- Exercise goal -
What are the lines from the top of the entries below through the line containing "ハンディファン 冷却プレート付き 携帯扇風機"? Return them exactly, both ends included, without the pictures.

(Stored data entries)
= Beginning of Section =

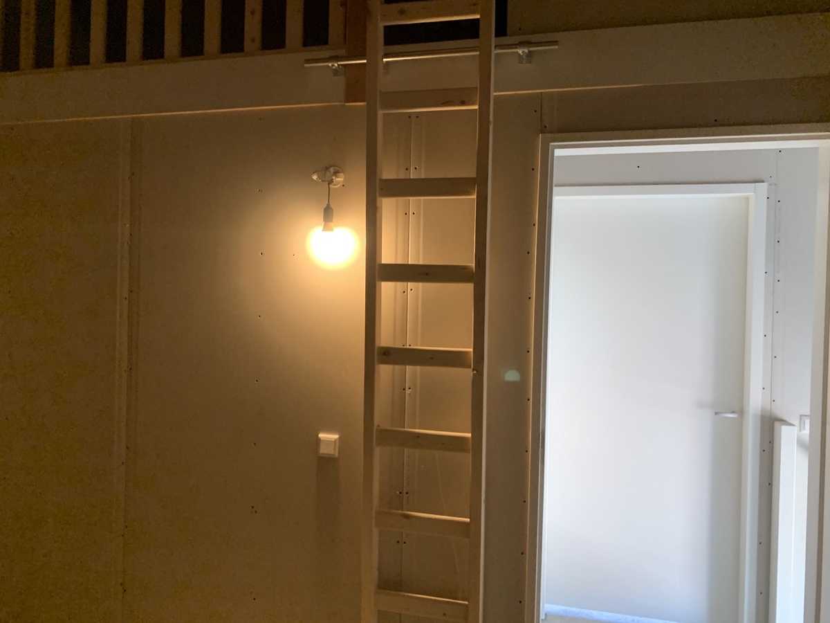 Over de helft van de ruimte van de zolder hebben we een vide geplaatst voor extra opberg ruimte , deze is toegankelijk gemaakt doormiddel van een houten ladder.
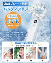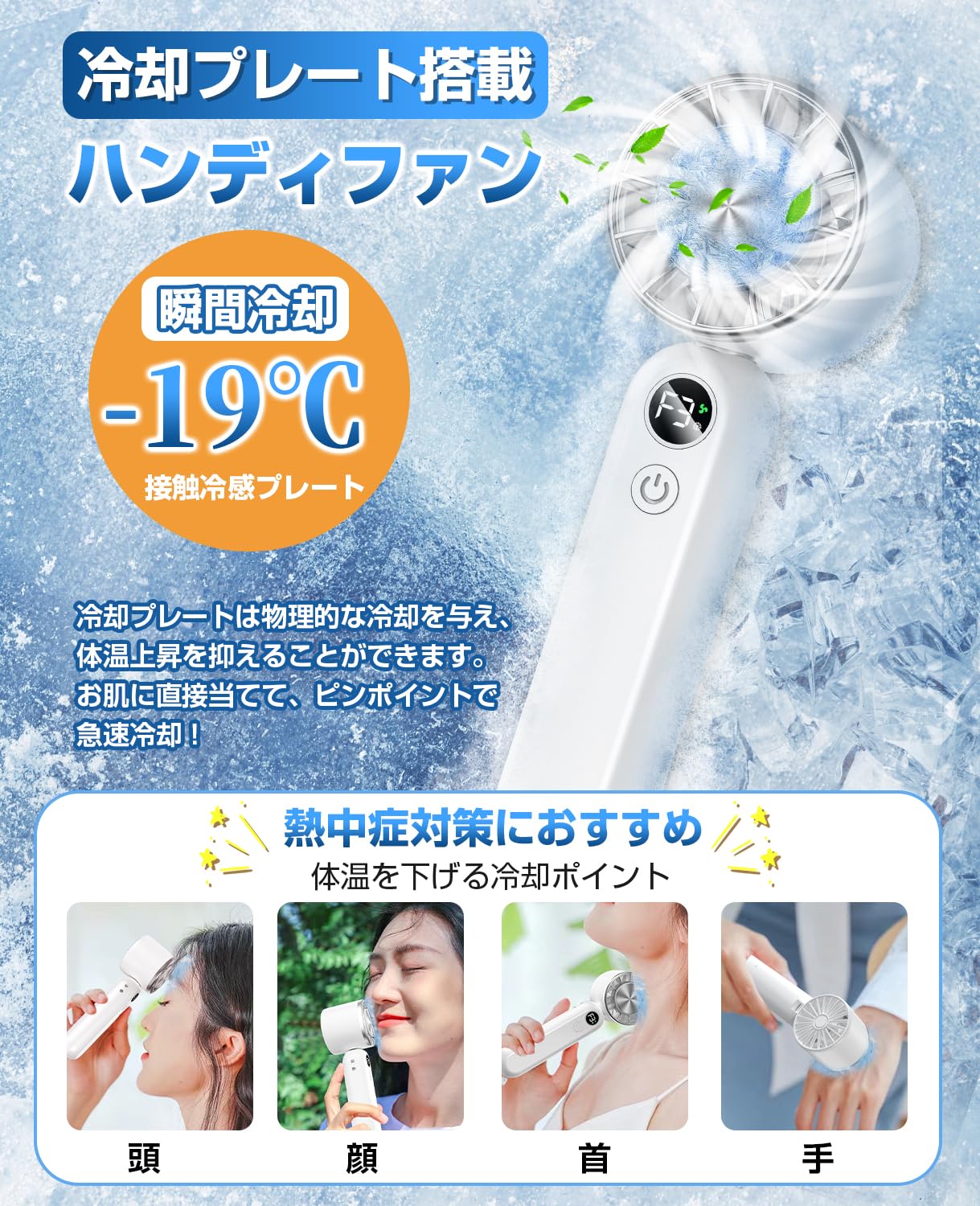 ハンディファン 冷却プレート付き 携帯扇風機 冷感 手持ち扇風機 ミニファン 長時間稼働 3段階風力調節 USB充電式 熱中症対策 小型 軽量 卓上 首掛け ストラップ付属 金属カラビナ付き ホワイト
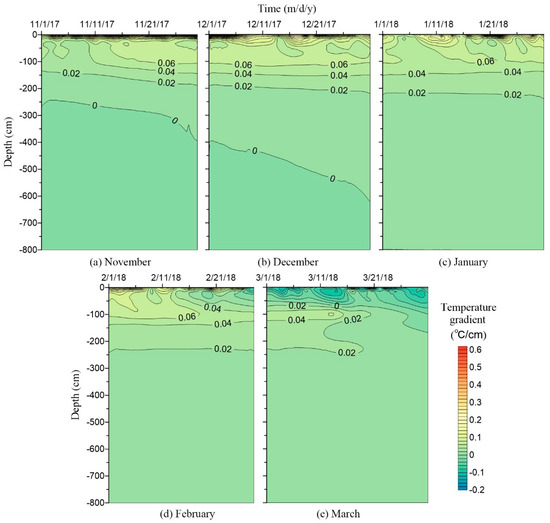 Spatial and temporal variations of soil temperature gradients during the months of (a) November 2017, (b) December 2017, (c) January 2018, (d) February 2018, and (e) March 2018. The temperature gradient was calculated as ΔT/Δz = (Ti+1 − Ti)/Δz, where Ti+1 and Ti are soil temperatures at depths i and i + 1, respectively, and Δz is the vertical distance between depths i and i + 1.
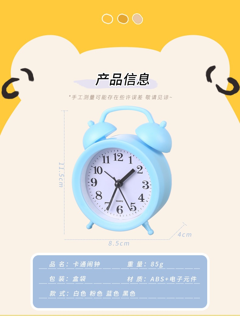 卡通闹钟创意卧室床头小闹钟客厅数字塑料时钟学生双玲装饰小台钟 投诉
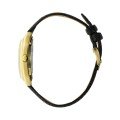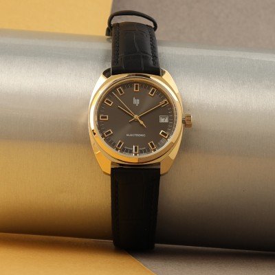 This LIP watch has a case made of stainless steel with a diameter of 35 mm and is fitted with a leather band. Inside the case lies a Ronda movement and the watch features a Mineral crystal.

= End of Section =

- Task answer -
 Over de helft van de ruimte van de zolder hebben we een vide geplaatst voor extra opberg ruimte , deze is toegankelijk gemaakt doormiddel van een houten ladder.
 ハンディファン 冷却プレート付き 携帯扇風機 冷感 手持ち扇風機 ミニファン 長時間稼働 3段階風力調節 USB充電式 熱中症対策 小型 軽量 卓上 首掛け ストラップ付属 金属カラビナ付き ホワイト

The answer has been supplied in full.